> **EXERCISE AIM**: Transcribe all records below exactly, without images.

> **TASK MATERIAL**:
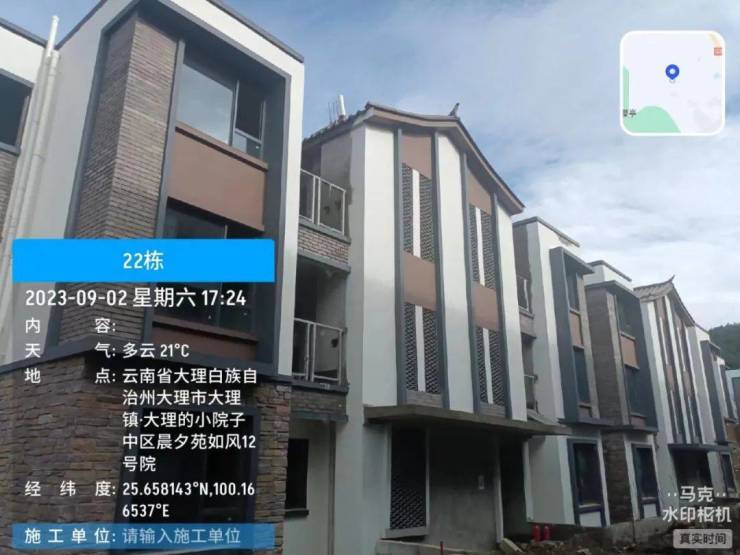 22栋砌体完成100%、内墙抹灰完成100%,外墙抹灰完成100%,屋面防水完成100%;外架拆除完成100%;室内防水施工完成90%;窗安装完成100%;外墙保温砂浆百分100%、抗裂砂浆完成100%,腻子粉完成100%,涂料完成98%;文化石完成85%,小青砖完成85%,屋面瓦施工完成;庭院给排水管未安装,室内给排水、二配安装完成。
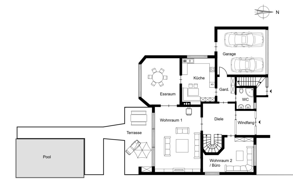 – Doppelgarage mit direktem Zugang zum Haus
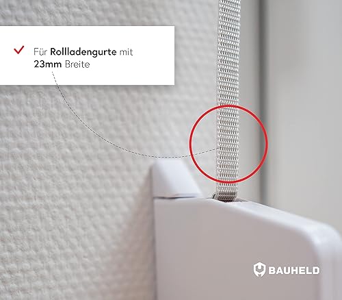 BAUHELD® Rolladen-Gurtwickler Aufputz [Einfädelautomatik] - Robuster Rollladen Aufwickler für Rolladengurt 14mm [ohne Gurt] - 180° Schwenkbar - Mini Rollo-Wickler mit Lochabstand 153mm - Weiß
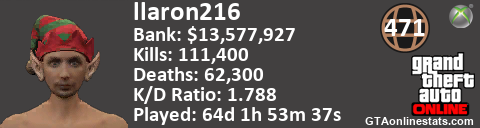 [URL=http://GTAonlinestats.com/showplayer/llaron216][IMG]http://GTAonlinestats.com/signature/llaron216/sig.png[/IMG][/URL]
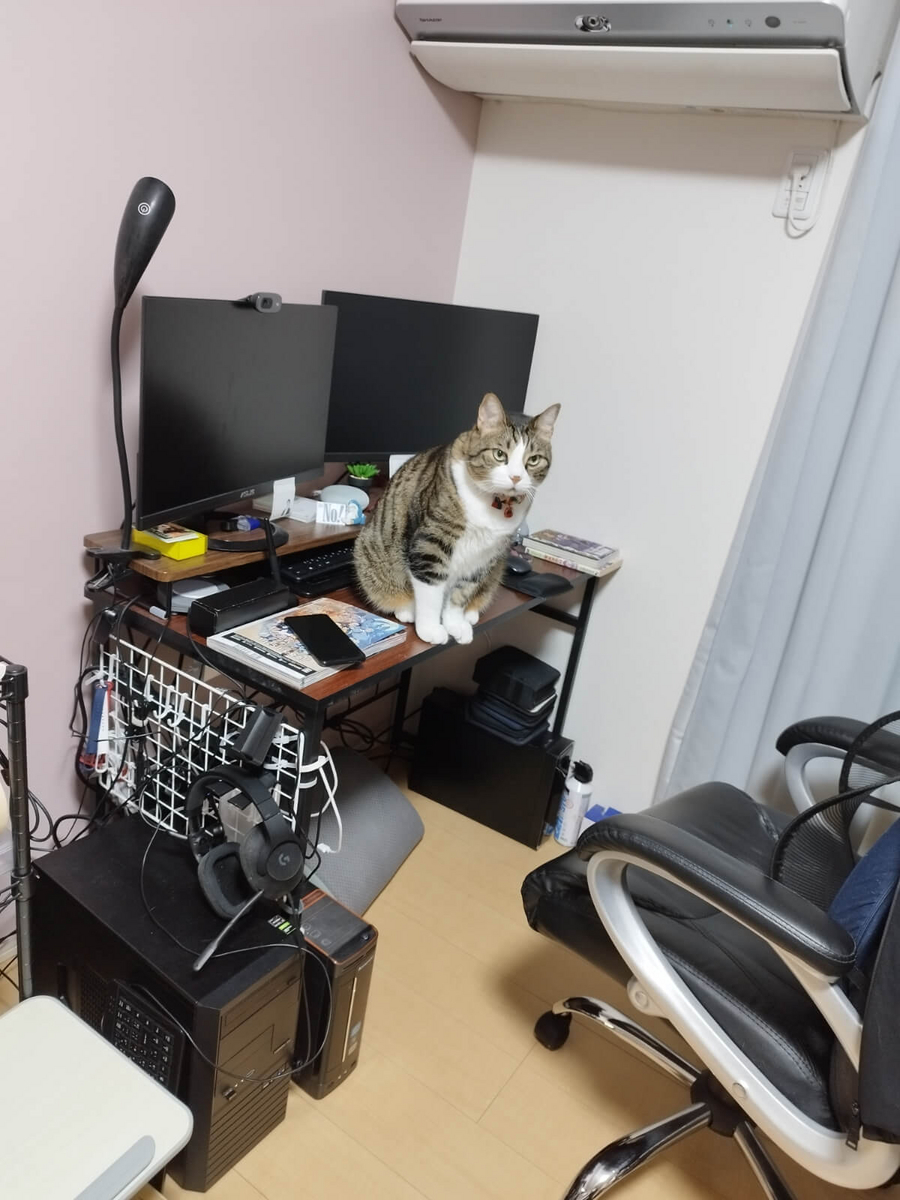 こういうデスクだから、手前にあんまりキーボードとマウス引っ張り出せないんですよ。
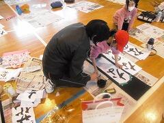 1年生は硬筆で「ゆき」,2年生はサインペンで「元気な子」
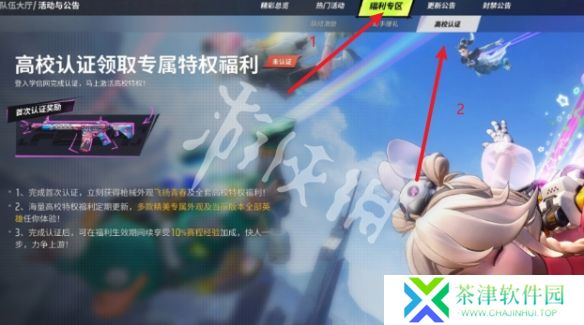 2、跳转界面后,依次点击顶部的【福利专区】和【高校认证】按钮。

> **THE ANSWER**:
 22栋砌体完成100%、内墙抹灰完成100%,外墙抹灰完成100%,屋面防水完成100%;外架拆除完成100%;室内防水施工完成90%;窗安装完成100%;外墙保温砂浆百分100%、抗裂砂浆完成100%,腻子粉完成100%,涂料完成98%;文化石完成85%,小青砖完成85%,屋面瓦施工完成;庭院给排水管未安装,室内给排水、二配安装完成。
 – Doppelgarage mit direktem Zugang zum Haus
 BAUHELD® Rolladen-Gurtwickler Aufputz [Einfädelautomatik] - Robuster Rollladen Aufwickler für Rolladengurt 14mm [ohne Gurt] - 180° Schwenkbar - Mini Rollo-Wickler mit Lochabstand 153mm - Weiß
 [URL=http://GTAonlinestats.com/showplayer/llaron216][IMG]http://GTAonlinestats.com/signature/llaron216/sig.png[/IMG][/URL]
 こういうデスクだから、手前にあんまりキーボードとマウス引っ張り出せないんですよ。
 1年生は硬筆で「ゆき」,2年生はサインペンで「元気な子」
 2、跳转界面后,依次点击顶部的【福利专区】和【高校认证】按钮。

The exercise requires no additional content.